Association of mitochondrial DNA copy number in peripheral blood leukocytes with risk of esophageal adenocarcinoma

Enping Xu 1,2,, Wenjie Sun 1,, Jian Gu 1, Wong-Ho Chow 1, Jaffer A Ajani 3, Xifeng Wu 1,*
PMCID: PMC3810839  PMID: 23803692

Abstract

Alterations of mitochondrial DNA (mtDNA) have been associated with the risk of a number of human cancers; however, the relationship between mtDNA copy number in peripheral blood leukocytes and the risk of esophageal adenocarcinoma (EAC) has not been reported. In this study, we determined relative mtDNA copy number in peripheral blood leukocytes of 218 EAC cases and 218 frequency-matched controls. We calculated odds ratios and 95% confidence intervals using unconditional logistic regression, adjusting for age, sex and smoking status. MtDNA copy number was significantly lower in cases than in controls (mean ± SD, 1.16 ± 0.30 versus 1.27 ± 0.43, P = 0.002). Dichotomized at the median value of mtDNA copy number in the controls, low mtDNA copy number was significantly associated with an increased risk of EAC (odds ratio: 1.55, 95% confidence interval: 1.05–2.29).

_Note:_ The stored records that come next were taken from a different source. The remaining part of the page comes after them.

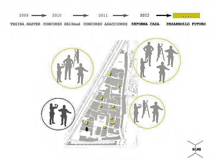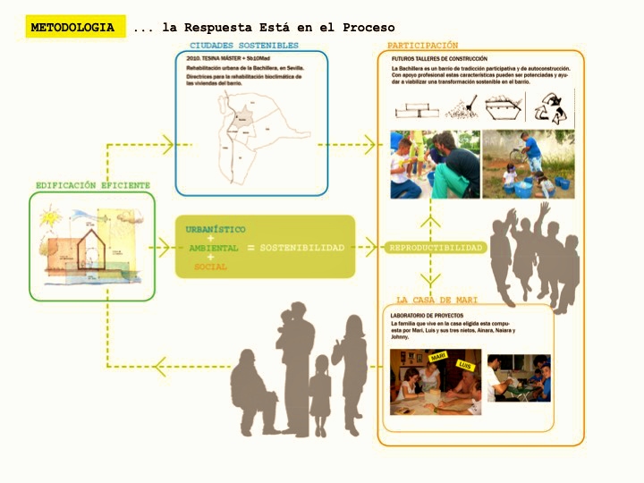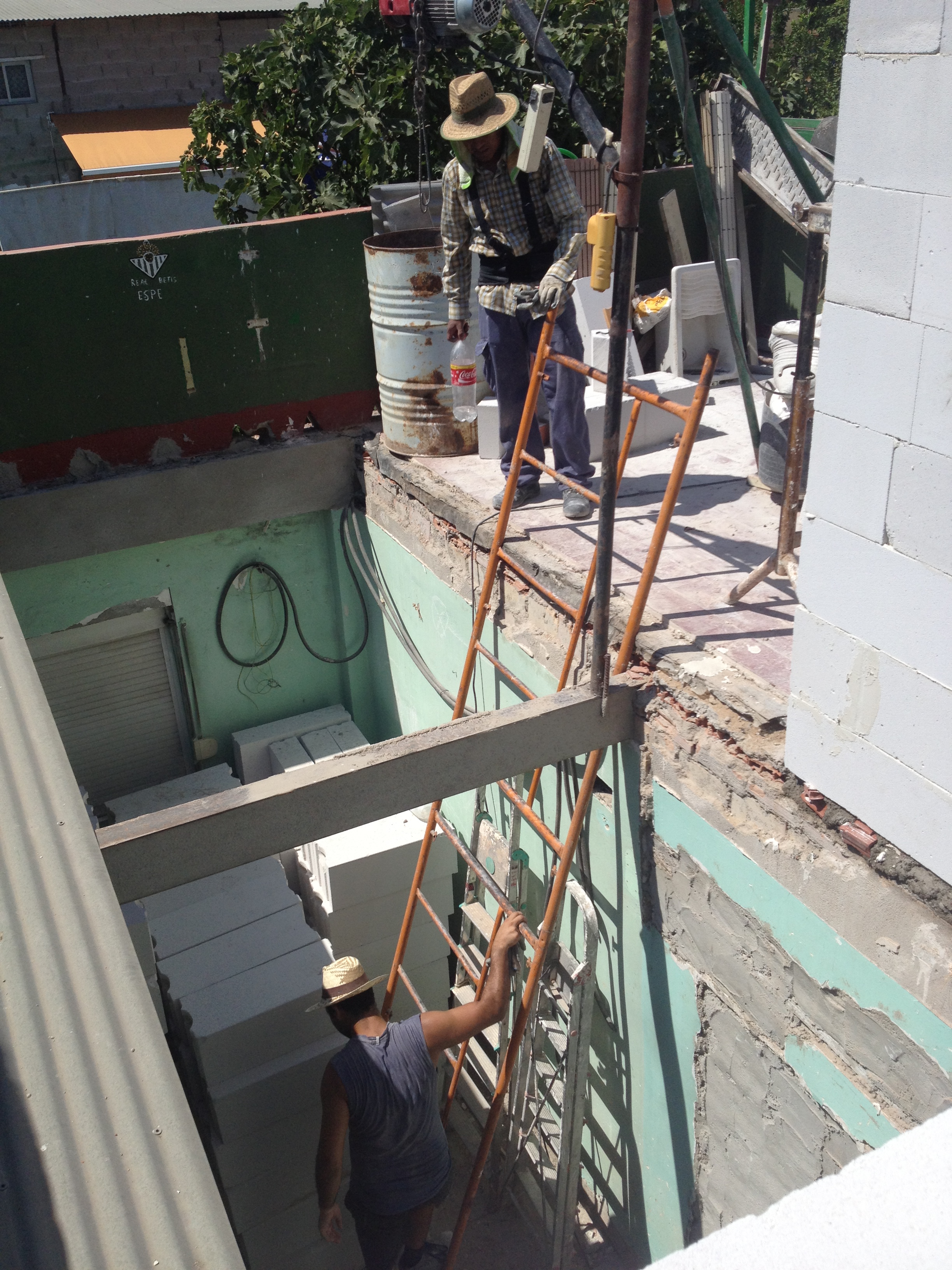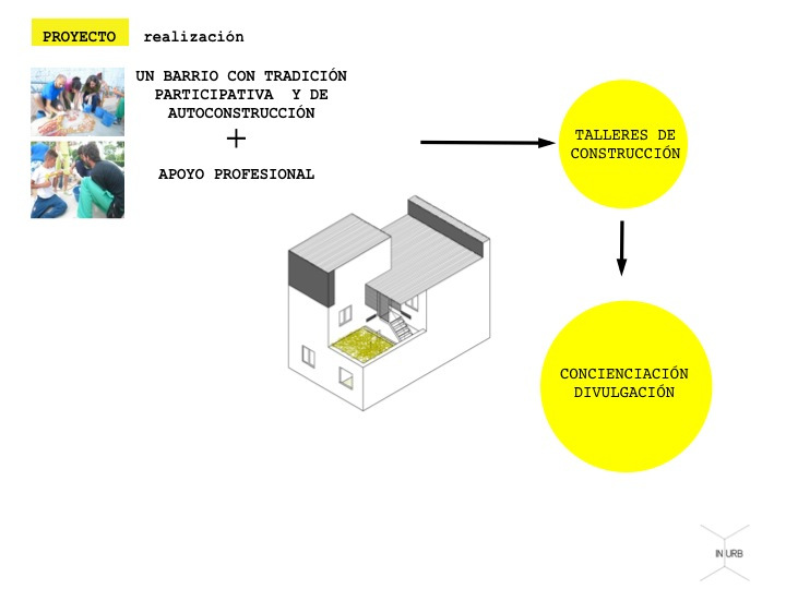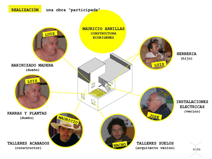 Originalmente, propietarios, constructor y arquitectos, nos comprometimos para llevar a cabo la reforma propuesta y los talleres de autocontrucción para familia y los vecinos. La lamentable sorpresa de encontrar que el constructor, Mauricio Arnillas, de la empresa ecorígenes, huyó del país cllevándose una cuarta parte del dinero destinado a la ejecución, obligó a un cambio drástico en el proyecto, que aún así, terminó felizmente, aunque no con todas las medidas biocimáticas que nos hubieran gustado.
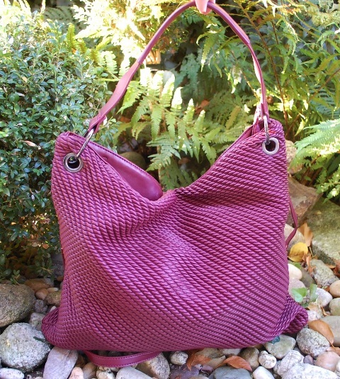 Bordová kabelka, pekná výrazná farba a jemný lesk, plastický prepletaný vzor po celej kabelke.
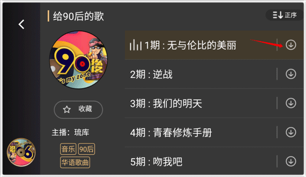点击右边的下载按钮,还可以直接将自己喜欢的歌曲下载,如果觉得这个频道自己经常会听,你可以直接点击收藏,以后可以直接打开。
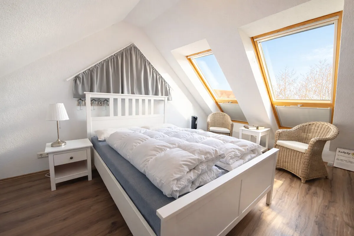 Ergänzt wird das Raumangebot durch einen praktischen Abstellraum im ausgebauten Spitzboden, der über eine Design-Treppe mit seitlicher LED Beleuchtung erreichbar ist und einen beeindruckenden Blick bis nach Norderney eröffnet – ein echtes Highlight mit maritimem Weitblick. Mobiliar und Inventar sind im Kaufpreis enthalten.
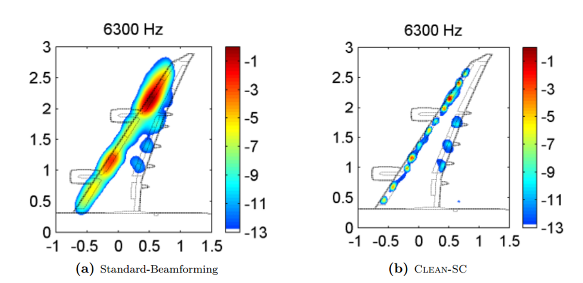 CLEAN-SC minimizes the influence of the PSFs on the acoustic map. Because of its significant improvements, it is commonly used for beamforming investigations in the frequency domain. The algorithm performs less well in the case of measurements in wind tunnels or outdoor measurements at large distances from sources because of a coherence loss. Furthermore, calculation errors might occur if the resolution and/or image field are not chosen adequately. As a consequence, potential maxima cannot be identified correctly.
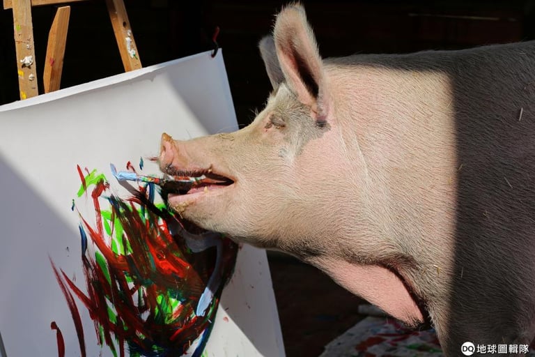 在南非第二大城開普敦(Cape Town)近郊的農場動物庇護所,一隻被從農場中救出來的豬正在揮灑才華,牠也靠著天生對美術的敏感被封為「豬卡索」(Pigcasso),和西班牙抽象畫大師畢卡索(Pablo Ruiz Picasso)只差了一個字。
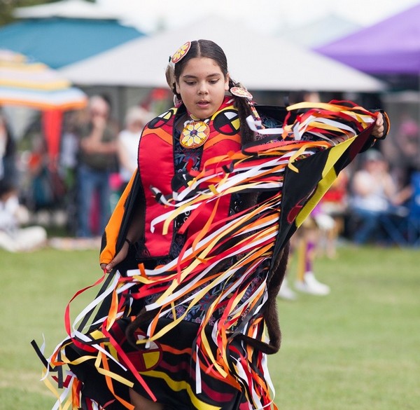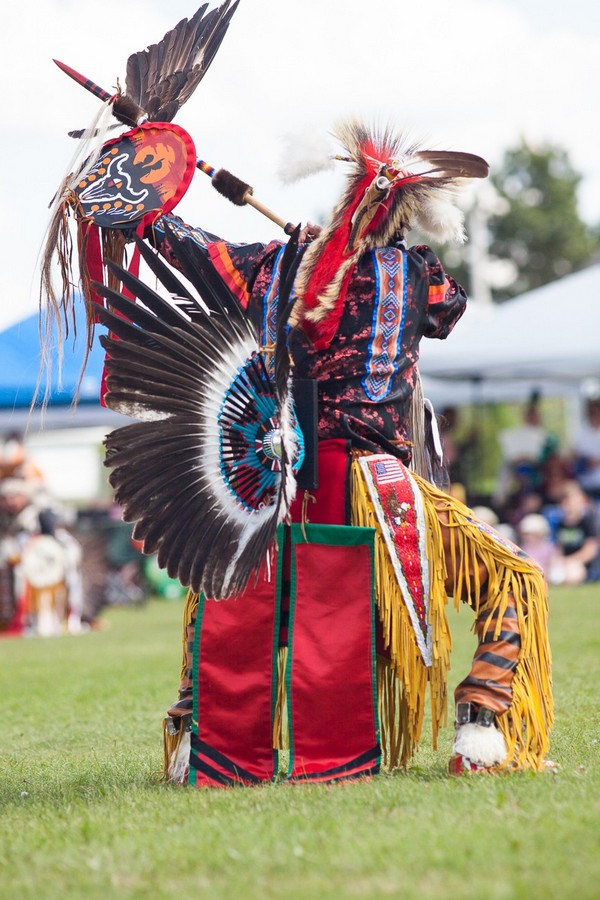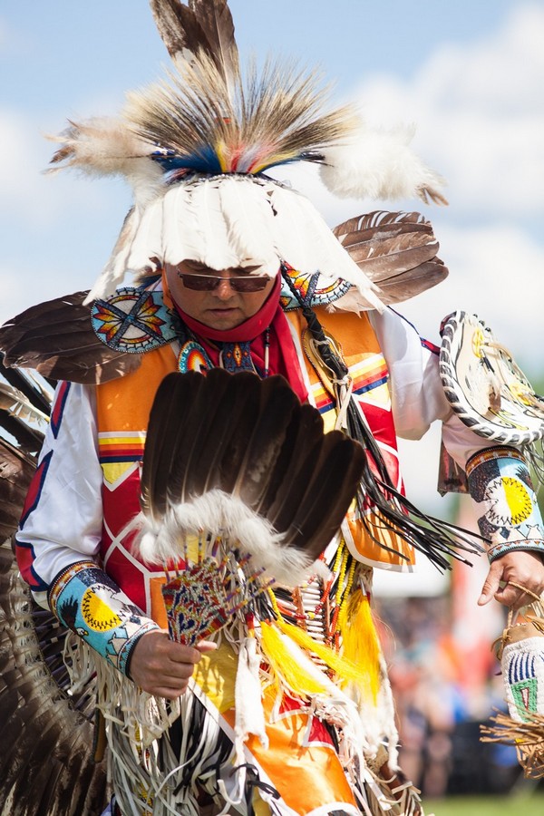 < br>Některé tance jsou rázu spirituálního – duchovního. V neposlední řadě tito původní obyvatelé amerického světadílu při Pow - Wow soutěží mezi sebou v barevnosti a kráse svých krojů. Mladí případně projdou aktem zralosti. Také zvládnutí jednotlivých tanců tanečnicemi a tanečníky bývá hodnoceno. Foto: Barbara Beranek
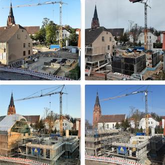 Bei den anderen beiden Großbaustellen in unserer Stadt kann man beinahe täglich Veränderungen beobachten. Während wir uns beim Kindergarten im Papiermühlenweg so langsam auf der Zielgeraden befinden und im Wesentlichen noch der Innenausbau sowie die Außenanlagen herzustellen sind, befinden wir uns beim Bürgerhaus am Marktplatz noch in der Phase des Rohbaus. Ziel ist es, die Arbeiten am Kindergarten im Juli abschließen zu können, wohingegen mit der Fertigstellung des Bürgerhauses voraussichtlich noch bis Ende 2026 gewartet werden muss.
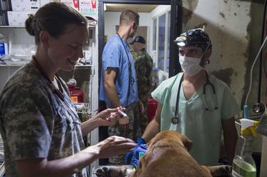 | Keywords: Continuing Promise 2015 150716-N-PD309-063.jpg en 150716-N-PD309-063 BUENAVENTURA Colombia July 16 2015 Army Capt Emily Corbin left a native of Boulder Junction Wis and a veterinarian assigned to Public Health Command District Fort Meade Md and a local Colombian veterinarian perform surgery on a dog at a veterinarian site established at Eufermeria Canina Del Grupo Antiexplosivos Urbano during Continuing Promise 2015 Continuing Promise is a U S Southern Command-sponsored and U S Naval Forces Southern Command/U S 4th Fleet-conducted deployment to conduct civil-military operations including humanitarian-civil assistance subject matter expert exchanges medical dental veterinary and engineering support and disaster response to partner nations and to show U S support and commitment to Central and South America and the Caribbean U S Navy photo by Mass Communication Specialist 3rd Class Deven Leigh Ellis/Released <br>Unit U S Naval Forces Southern Command U S Fourth Fleet 2015-07-16 Petty Officer 3rd Class Deven Ellis https //www dvidshub net/image/2076101/continuing-promise-2015 150716-N-PD309-063 2015-07-20 09 24 BUENAVENTURA CO PD-USGov-Military-Navy Fort Meade Images from DoD uploaded by Fæ |
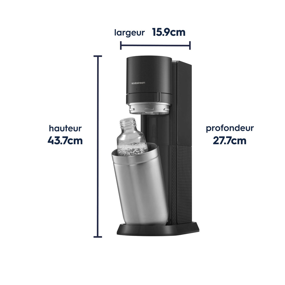 La SodaStream Duo est la façon la plus avancée de faire pétiller votre eau. Grâce à la combinaison de bouteilles en verre et en plastique lavables au lave-vaisselle, vous ne pourrez plus jamais vous passer de vos boissons préférées, que ce soit à la maison ou en déplacement.
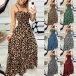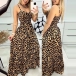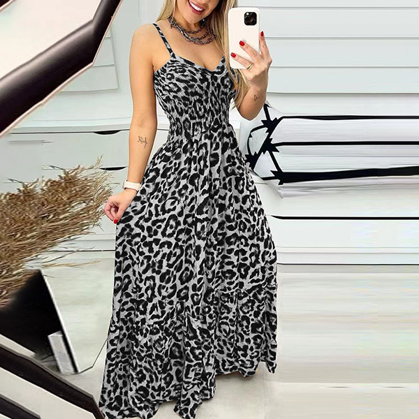 Street Fashion Leopard Printed V-neck High-waist Maxi Dress
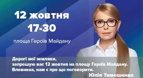«Дорогие мои земляки, приглашаю вас 12 октября на площадь Героев Майдана. Уверена, нам есть о чем поговорить », - Юлия Тимошенко.
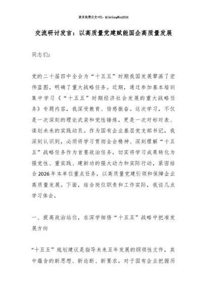 【七哥公文】2026年:交流研讨发言:以高质量党建赋能国企高质量发展_副本+更多免费公文+VX:QiGeGongWen2024
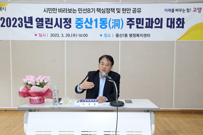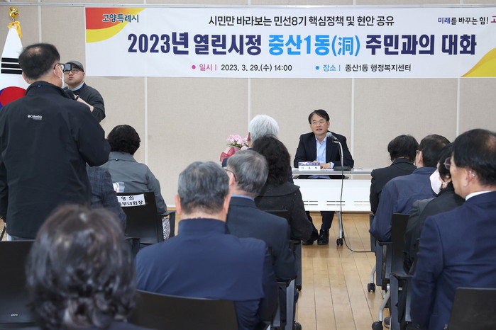 [사진설명] 중산1동 주민들과 이동환 고양특례시장이 주민과의 대화를 진행하고 있다.
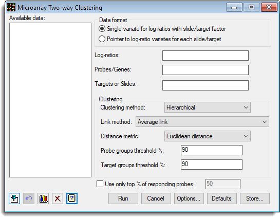 The dendrogram for a hierarchical cluster analysis may be plotted, but for a large number of probes this may not be useful as individual probes cannot be read. The responses of each probe across the targets/slides can also be plotted, but again with large numbers of probes this is slow, in which case the mean response for each group can be plotted. A spreadsheet containing the grouped data can also be generated using the Store button.
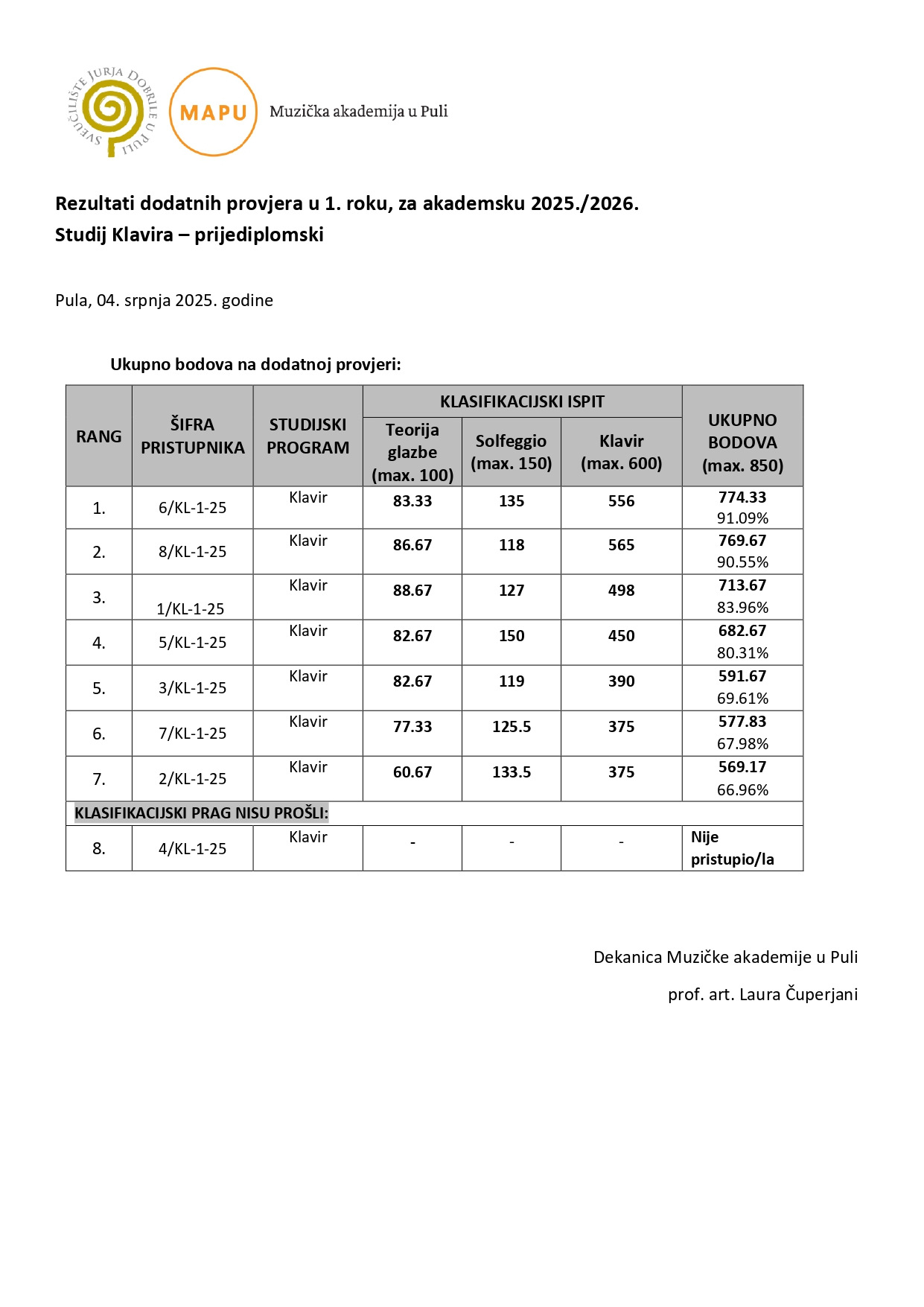 U nastavku objavljujemo rezultate dodatnih provjera u 1. roku za studij klavira.
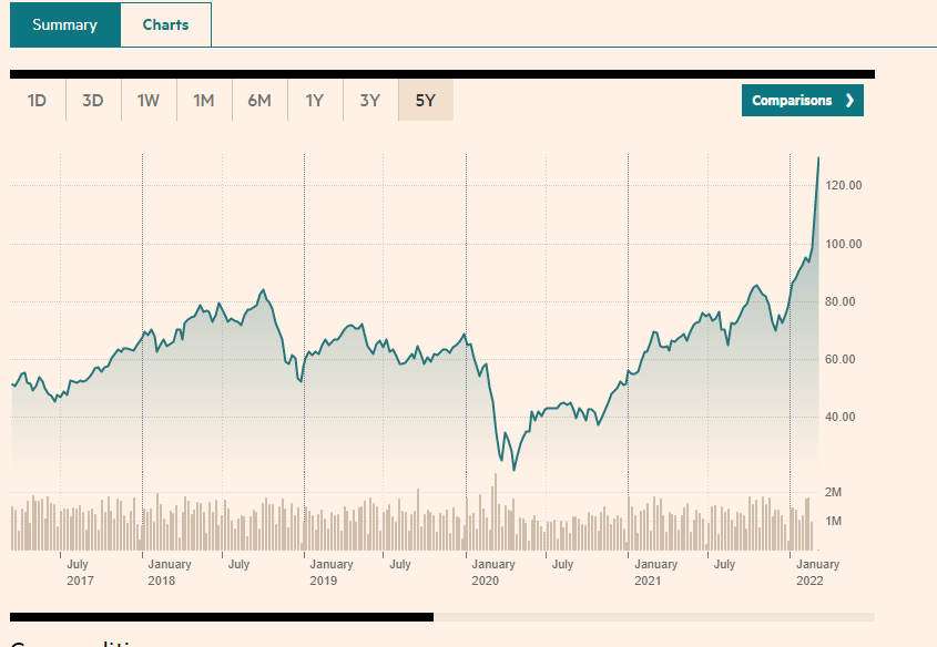 Çmimet globale të naftës janë rritur me 67% që nga fillimi i vitit 2022, së bashku me mallrat e tjera, duke ngritur shqetësime për rritjen ekonomike botërore dhe stagflacionin.
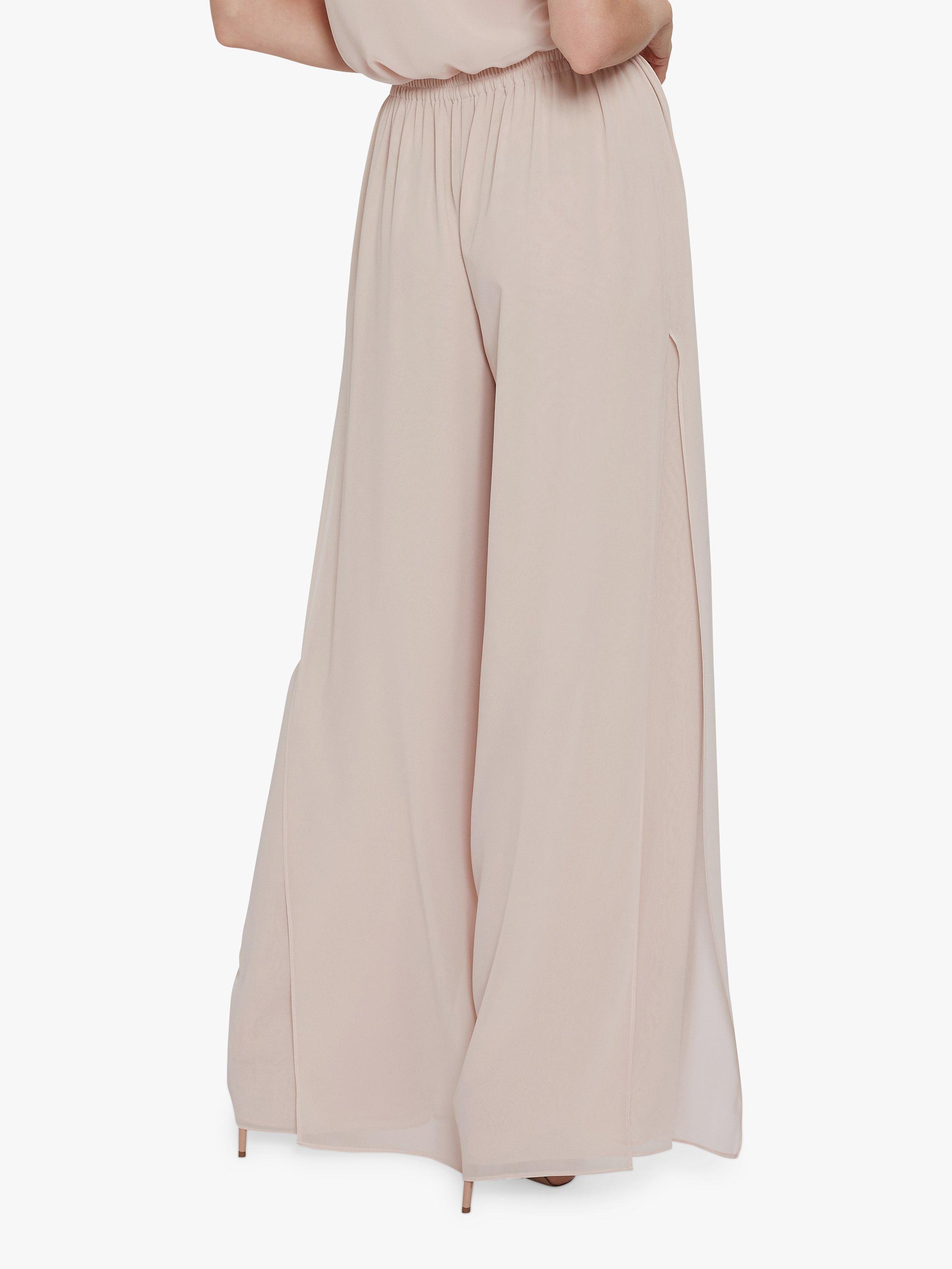 Crafted from a lightweight chiffon and fully lined for comfort. This triple-layered style is cut to a flattering wide leg with feminine side slit detail for added drama and movement.

A significant dose–response relationship was observed between mtDNA copy number and risk of EAC in quartile analysis. Our results suggest that low mtDNA copy number in peripheral blood leukocytes is associated with increased susceptibility to EAC.

Introduction

Esophageal cancer is among the leading causes of cancer death in the world. Although relatively rare in the USA, the incidence of esophageal cancer has been increasing during the past decade. In 2013, an estimated 17 990 new cases will be diagnosed and 15 210 patients will die from esophageal cancer (1). The two main types of esophageal cancer are esophageal squamous cell carcinoma, which typically occurs in the middle third of the esophagus, and esophageal adenocarcinoma (EAC), which predominately occurs in the lower third of the esophagus (2,3). The epidemiology of esophageal cancer varies significantly according to geographic location. In China and other countries in Asia, esophageal squamous cell carcinoma is the predominant cancer of the esophagus. In the USA and other Western countries, the incidence of EAC has increased at a rate exceeding any other cancers and has outpaced esophageal squamous cell carcinoma to become the predominant cancer of the esophagus (4–6). Gastroesophageal reflux is a major cause of EAC (4). Other established risk factors of EAC include obesity and smoking. However, not all those who have been exposed to these risk factors develop EAC, suggesting that host genetic susceptibility and possibly gene–environment interactions may contribute to individual EAC risk (3–5).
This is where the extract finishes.